CERITA GURU: Ketika “Menemani Bermain” Membutuhkan Gelar Sarjana
Ketika profesi guru tidak diakui sebagai profesi setara dengan profesi lainnya, konsekuensinya jelas: penghargaan yang tidak sepadan secara sosial maupun finansial.

Laila Nursaliha
Desainer Kurikulum. Berminat pada Kajian Curriculum Studies, Sains dan Teknologi pendidikan, serta Pendidikan Guru.
11 Juni 2025
BandungBergerak.id – Matahari sepenggalan naik agak tinggi. Peserta didik yang sedang bermain di jam istirahat sekolah berbincang dengan gurunya. Seorang peserta didik kelas TK B mendekati gurunya yang sedang mengawasi anak-anak bermain bebas. Lalu bertanya
“Ummi, kok main sama kita terus? Emangnya Ummi gak kerja?”
“Ya, Ummi ini lagi kerja.”
Mereka kebingungan. Mungkin konsep mereka bekerja adalah pergi ke kantor
Saya yang melihat percakapan guru dan peserta didik itu pun merasa tergelitik. Jadi, selama ini sebagian anak tidak tahu atau tidak merasa kalau gurunya itu sedang bekerja. Ternyata bukan kami saja yang mengalami kejadian serupa, rekan kami guru Sekolah Dasar pun menceritakan hal serupa. Bahwa ibu guru ke sekolah, menurut mereka, itu bukan bekerja tapi menemani mereka main dan belajar.
Anak-anak tidak tahu saja, untuk sekedar menemani mereka main, diperlukan syarat lulus Sarjana. Saya ingin tertawa selepas-lepasnya. Kami memaklumi pikiran-pikiran anak-anak yang seperti itu. Tapi, sayangnya bukan hanya anak-anak saja yang berpikiran demikian.

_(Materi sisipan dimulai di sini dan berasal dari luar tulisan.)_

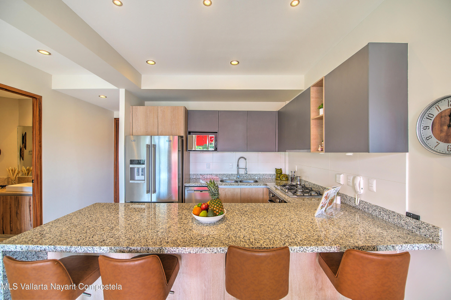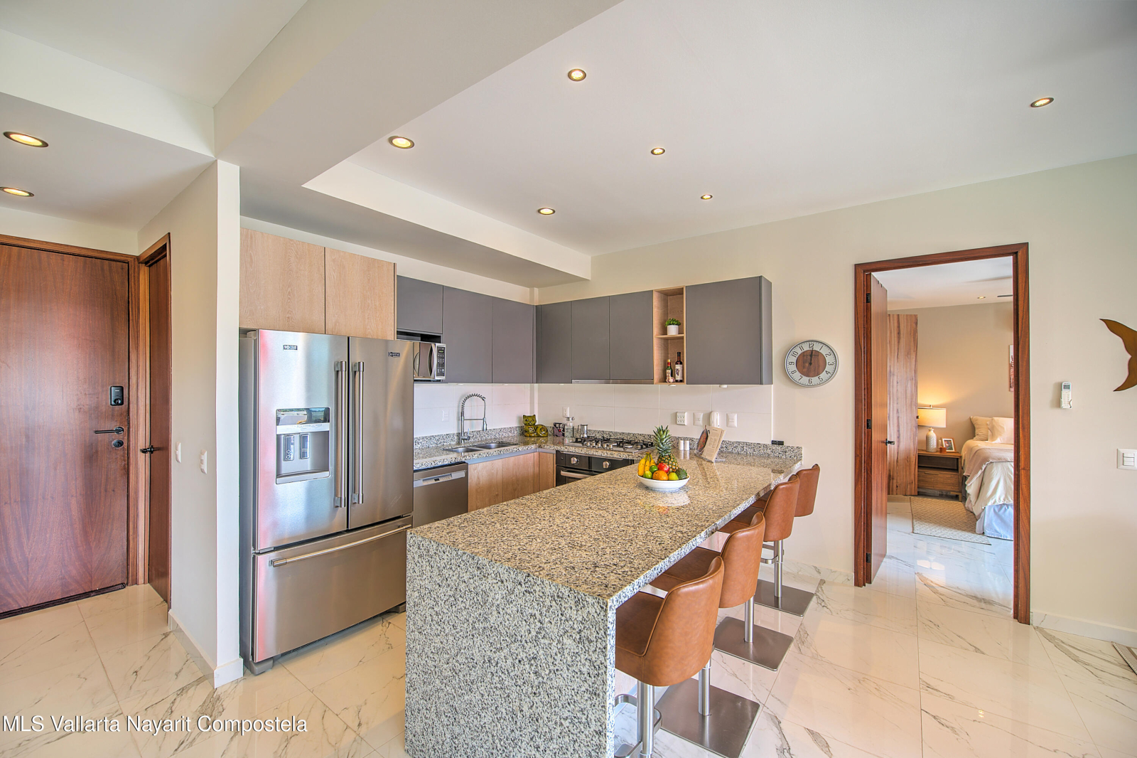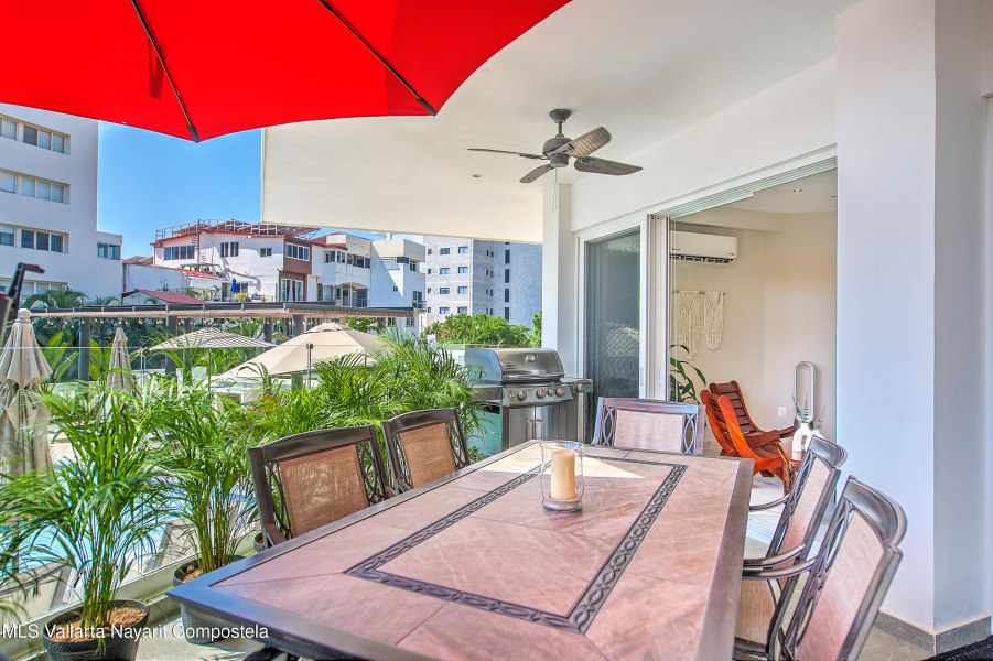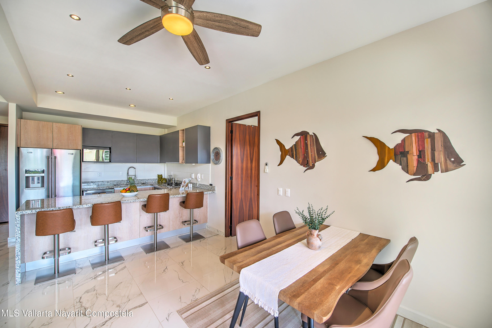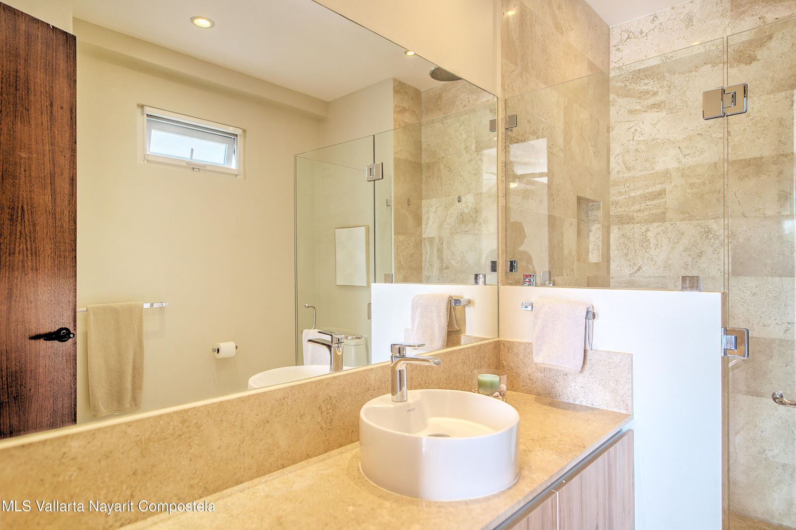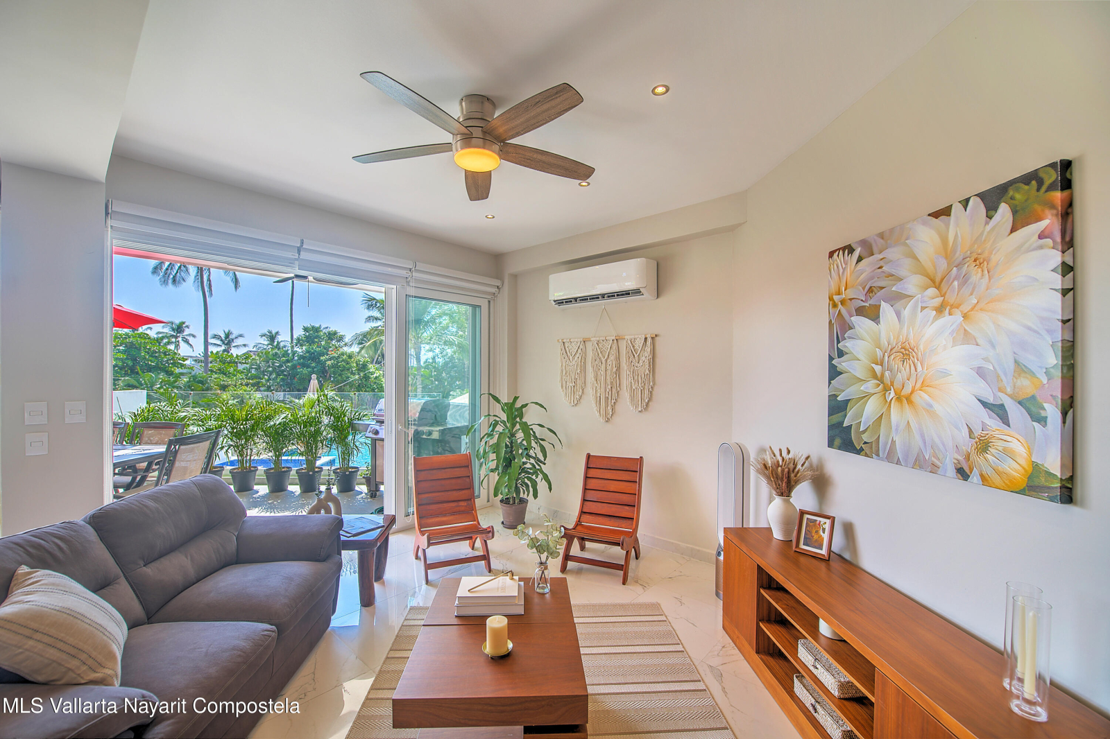 Sabbia 103Welcome to Sabbia 103–a bright and spacious one-bedroom, two-full bath condo just steps from the beach in sunny Bucerias. Designed for comfort and easy coastal living, this turnkey home features a unique layout and a large terrace perfect for enjoying your morning coffee or evening barbecues. Also delight in peak ocean views from the terrace and bedroom. The boutique building of just 18 total units offers a heated pool and a jacuzzi, both just right outside your door. Additionally, this condo has a deeded underground parking space and a private storage unit. With the beach only 70 steps away, Sabbia 103 offers the perfect blend of style, comfort, and seaside charm.

Masih banyak orang dewasa dan masyarakat yang berpikir demikian.
Percakapan sederhana ini membuka tabir tentang persepsi profesi guru yang begitu mengakar. Pertanyaan polos ini menyiratkan pandangan bahwa "menemani bermain" bukanlah pekerjaan serius. Ironinya, untuk "sekadar menemani bermain" ini, seseorang harus menempuh pendidikan sarjana dan memenuhi kualifikasi profesional yang ketat. Ketika profesi guru tidak diakui sebagai profesi yang setara dengan profesi lainnya, konsekuensinya jelas: penghargaan yang tidak sepadan, baik secara sosial maupun finansial.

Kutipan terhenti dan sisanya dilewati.